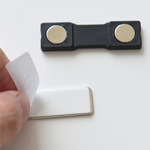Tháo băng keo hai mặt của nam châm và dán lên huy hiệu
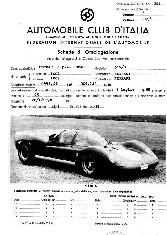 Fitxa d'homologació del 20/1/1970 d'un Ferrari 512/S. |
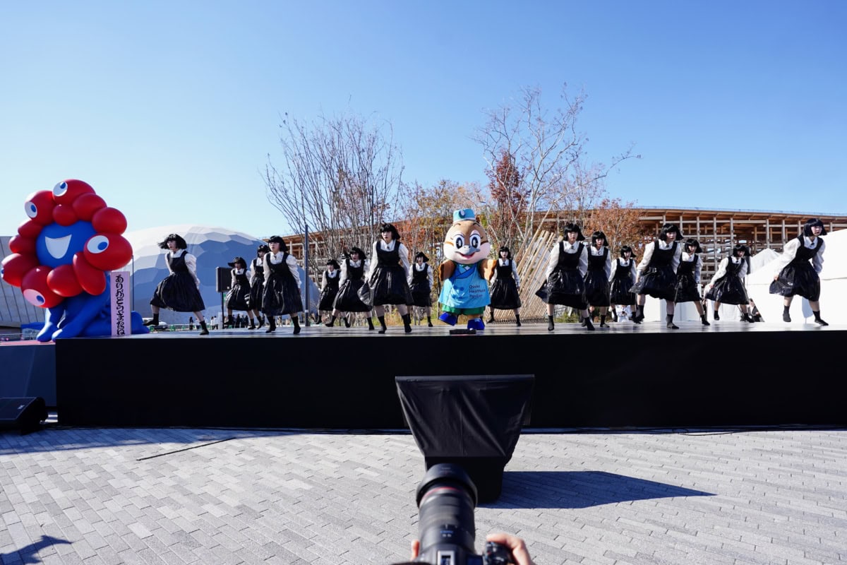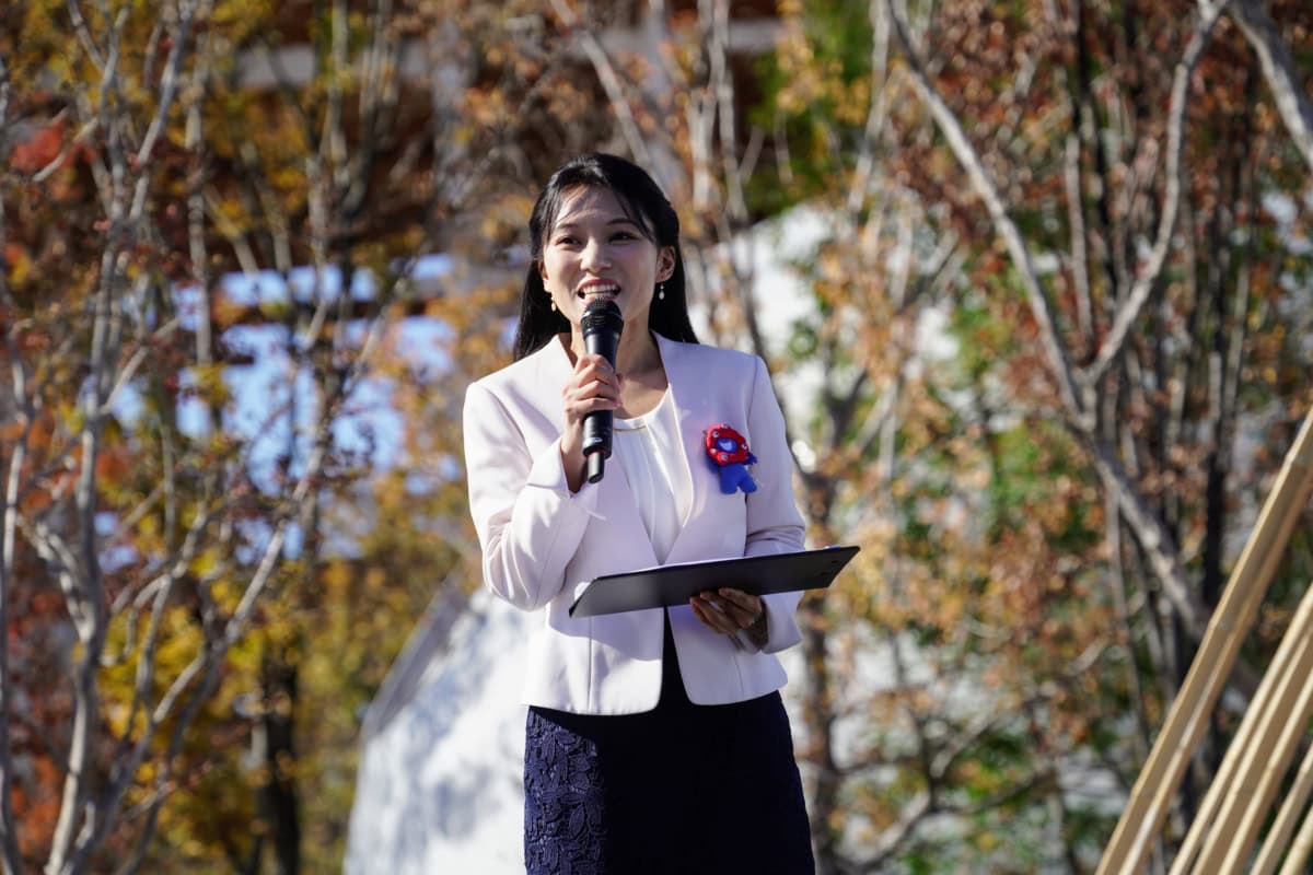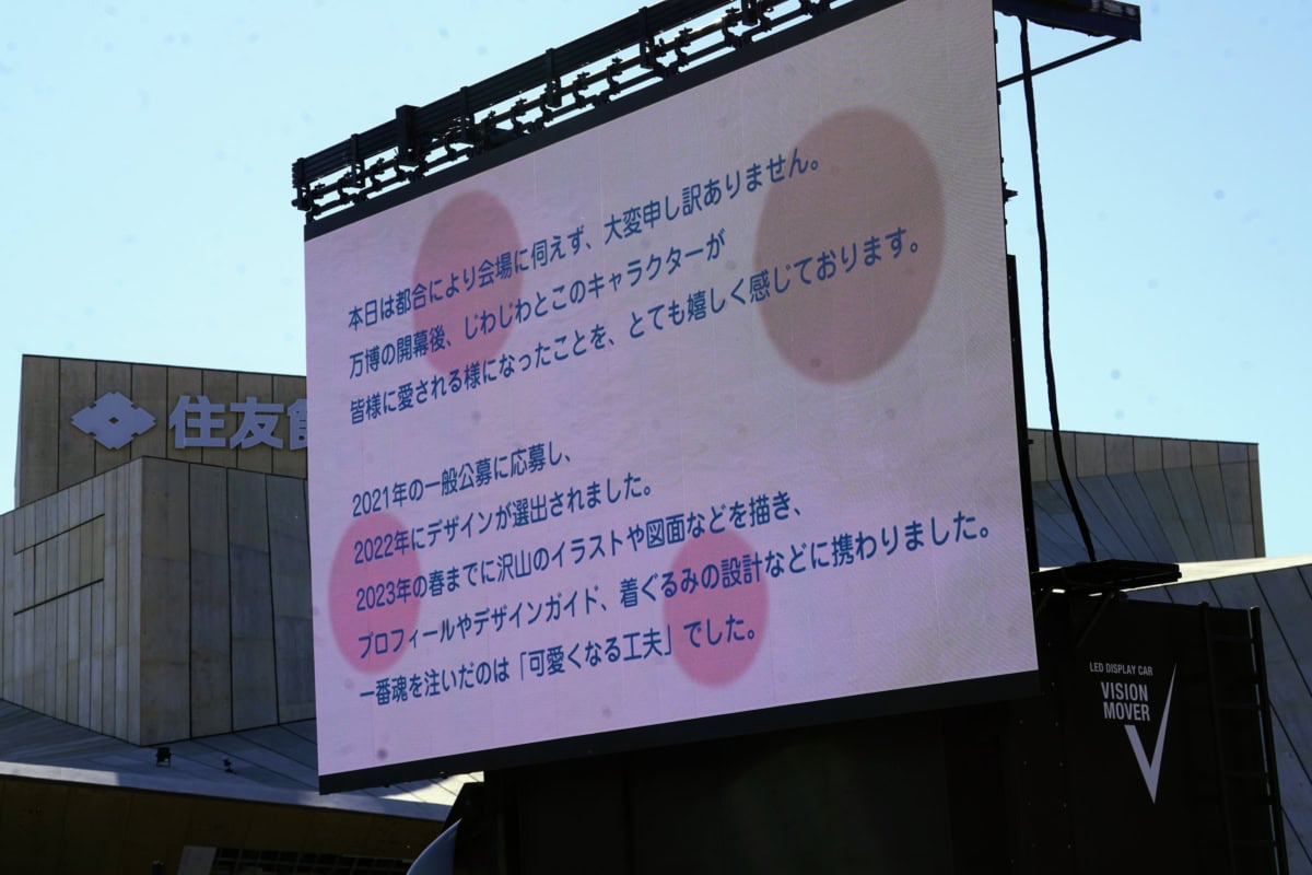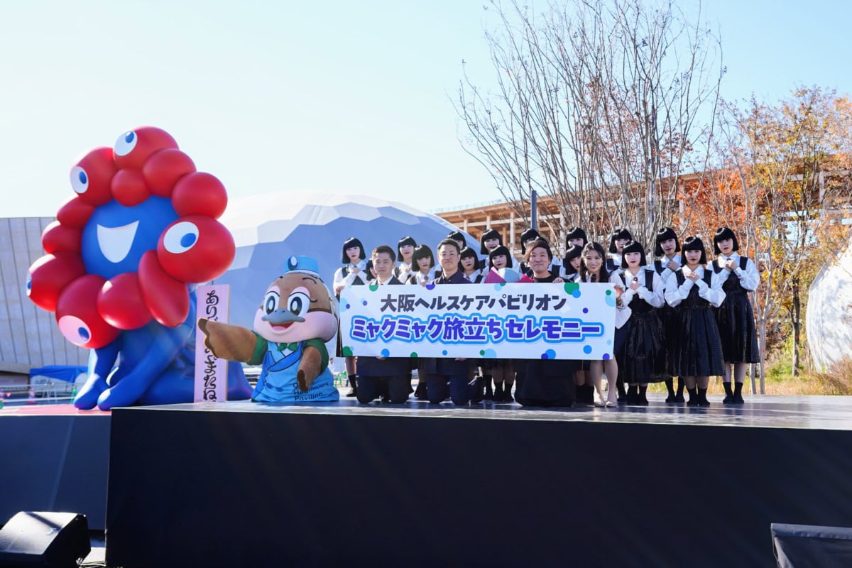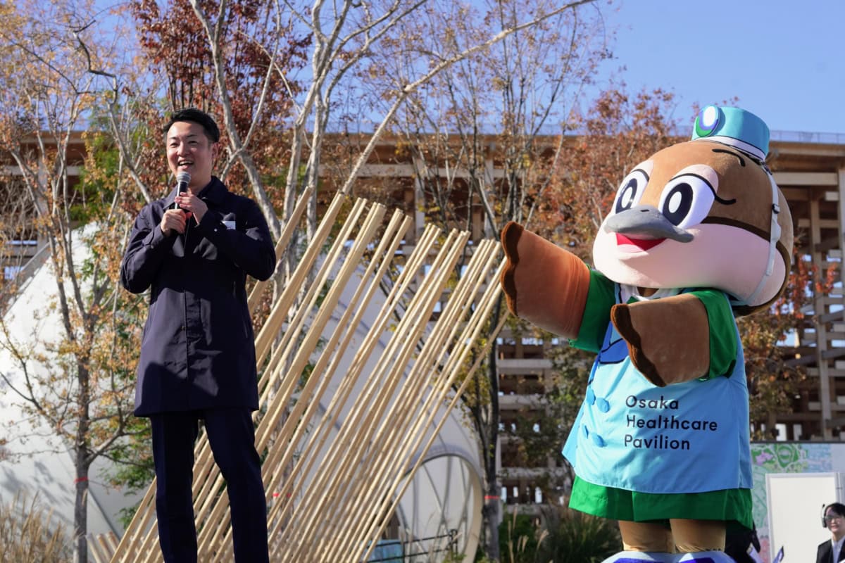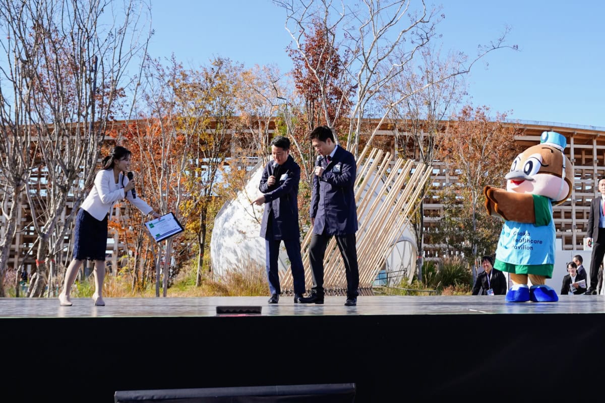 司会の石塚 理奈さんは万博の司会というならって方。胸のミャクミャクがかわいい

#### Task requirements
The whole listing above, word for word: repeat it with the pictures excluded.

#### Problem solution
Tháo băng keo hai mặt của nam châm và dán lên huy hiệu
 Fitxa d'homologació del 20/1/1970 d'un Ferrari 512/S. |
 司会の石塚 理奈さんは万博の司会というならって方。胸のミャクミャクがかわいい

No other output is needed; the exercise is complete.